Today’s media landscape is overflowing with podcasts, which makes sense given how easy it is to make, access and listen to them. But there is one that stands out as the kingpin podcast, the elite high watermark of a what an audio experience should be — Serial.

Serial came onto the scene in 2014 before the podcast revolution was in full swing. Hosted by Sarah Koenig, a journalist with the kind and velvety voice I want narrating the inner dialogue in my brain, its inaugural season told a compelling narrative of the 1999 murder case of high school senior Hae Min Lee in Baltimore County, whose ex-boyfriend, Adnan Syed, was sentenced to life in prison for the murder.

“Contrary to what we thought, people … do have patience for journalism that takes its time,” Koenig said in her Peabody award acceptance speech for season one. “They like complicated stories about complicated people who do complicated things.”

While seasons one and two of Serial dealt with specific individuals dealing with unique circumstances, the third season aims to deal with the complicated nature of the criminal justice system at large. The six episodes that have run so far have done just that.
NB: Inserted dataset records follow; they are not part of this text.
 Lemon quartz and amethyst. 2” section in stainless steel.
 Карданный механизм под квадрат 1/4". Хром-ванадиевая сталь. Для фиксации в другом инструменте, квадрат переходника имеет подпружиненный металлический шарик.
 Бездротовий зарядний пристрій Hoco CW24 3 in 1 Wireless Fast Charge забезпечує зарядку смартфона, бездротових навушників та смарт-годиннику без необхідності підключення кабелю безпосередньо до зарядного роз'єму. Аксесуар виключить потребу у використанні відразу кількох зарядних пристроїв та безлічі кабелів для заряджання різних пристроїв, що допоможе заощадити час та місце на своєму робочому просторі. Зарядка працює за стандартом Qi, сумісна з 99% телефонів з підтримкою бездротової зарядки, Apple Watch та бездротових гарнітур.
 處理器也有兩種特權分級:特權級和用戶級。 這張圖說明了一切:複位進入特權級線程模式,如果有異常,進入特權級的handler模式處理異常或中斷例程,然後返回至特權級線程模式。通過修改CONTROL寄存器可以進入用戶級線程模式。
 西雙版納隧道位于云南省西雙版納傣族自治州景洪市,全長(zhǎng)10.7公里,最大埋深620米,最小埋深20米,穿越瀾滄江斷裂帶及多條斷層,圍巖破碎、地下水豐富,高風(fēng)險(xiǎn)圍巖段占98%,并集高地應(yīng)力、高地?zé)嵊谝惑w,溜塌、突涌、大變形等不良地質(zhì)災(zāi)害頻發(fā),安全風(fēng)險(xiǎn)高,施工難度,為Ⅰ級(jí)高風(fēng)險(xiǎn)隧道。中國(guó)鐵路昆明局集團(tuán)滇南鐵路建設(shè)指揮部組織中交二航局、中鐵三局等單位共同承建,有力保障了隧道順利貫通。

Koenig and her team chose to examine Cleveland, a city that granted them unprecedented access to record in the courtroom and behind closed doors.

Though season three does not deal with the thrilling drama of an unsolved teenage murder case where Koenig reads from the deceased’s diary to gain clues (yes, that happened in season one), it does provide powerful insight into a system that many Americans willfully ignore if they are not caught up in it.
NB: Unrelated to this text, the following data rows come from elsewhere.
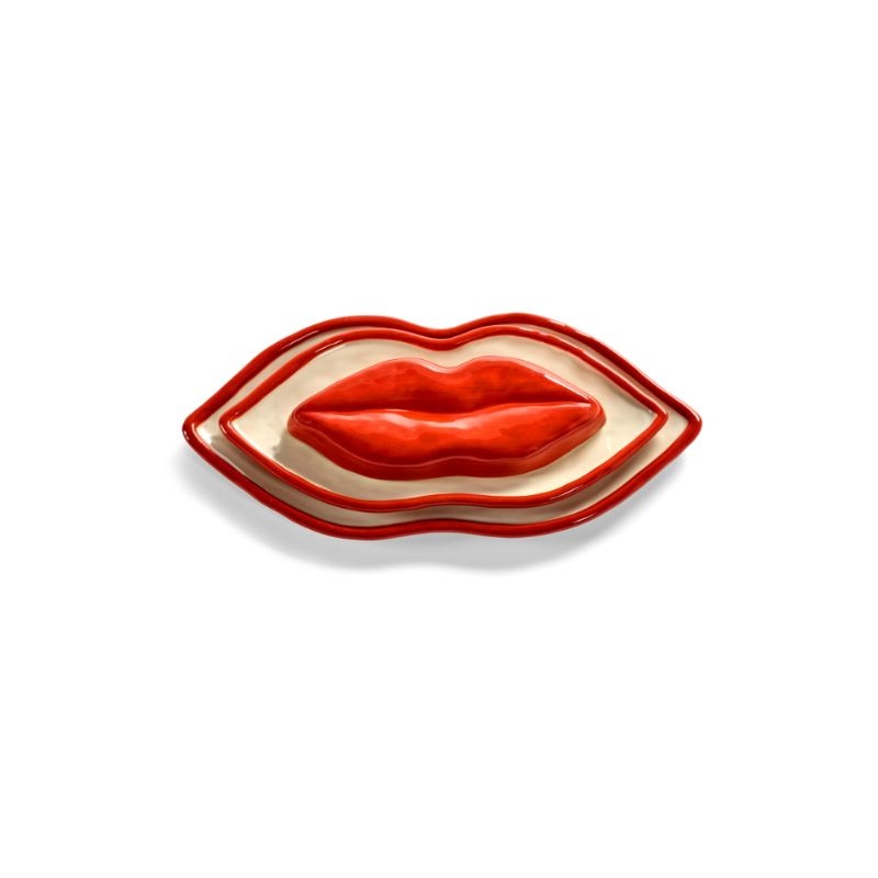 De Serveerschaal met rode lippen bestaat uit drie onderdelen, die je afzonderlijk kunt kopen en combineren.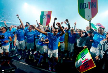 【ロンドン共同】サッカーのイタリア1部リーグ(セリエA)は23日、最終節の2試合が行われ、ナポリがホームでカリャリに2―0で快勝して24勝10分け4敗の勝ち点82とし、2季ぶり4度目の優勝を果たした。今季就任したコンテ監督はユベントス、インテル・ミラノに続き、リーグ史上初めて三つのクラブを優勝に導いた。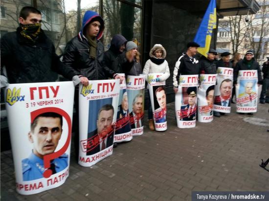Пикетчики стоят с плакатами, на которых изображены лица руководства ГПУ. Активисты просят Генпрокурора Виталия Ярему довести до конца расследование этих резонансных убийств.

I spent a few days this summer in courthouses shadowing an attorney, and can attest that proximity affects your perspective on the criminal justice system. Sitting on those hard wooden benches in the gallery let me see the complicated — and sometimes shocking — nature of legal proceedings that is too often ignored by the public outside of the building. This is what Serial gives its listeners: a seat inside the courtroom.

Season three lets you listen in on attorneys negotiating plea deals, judges delivering harsh lectures followed by sentencing and family members discussing the emotional weight of the process. Koenig discusses the infamous case of Tamir Rice, a 12-year-old boy who was shot and killed by a Cleveland police officer, allowing both sides to speak their peace.

The 12 episodes in season one examined Syed’s alleged involvement in a dramatic fashion, examining every element, but ultimately leaving Koenig unable to say for certain whether or not he committed the crime. However, Serial isn’t looking at one specific case anymore; it’s looking at the whole picture in season three.

“I don’t think we can understand how the criminal justice system works by interrogating one extraordinary case,” Koenig says in the trailer for this season. “Ordinary cases are where we need to look.”

New episodes of Serial are released every Thursday.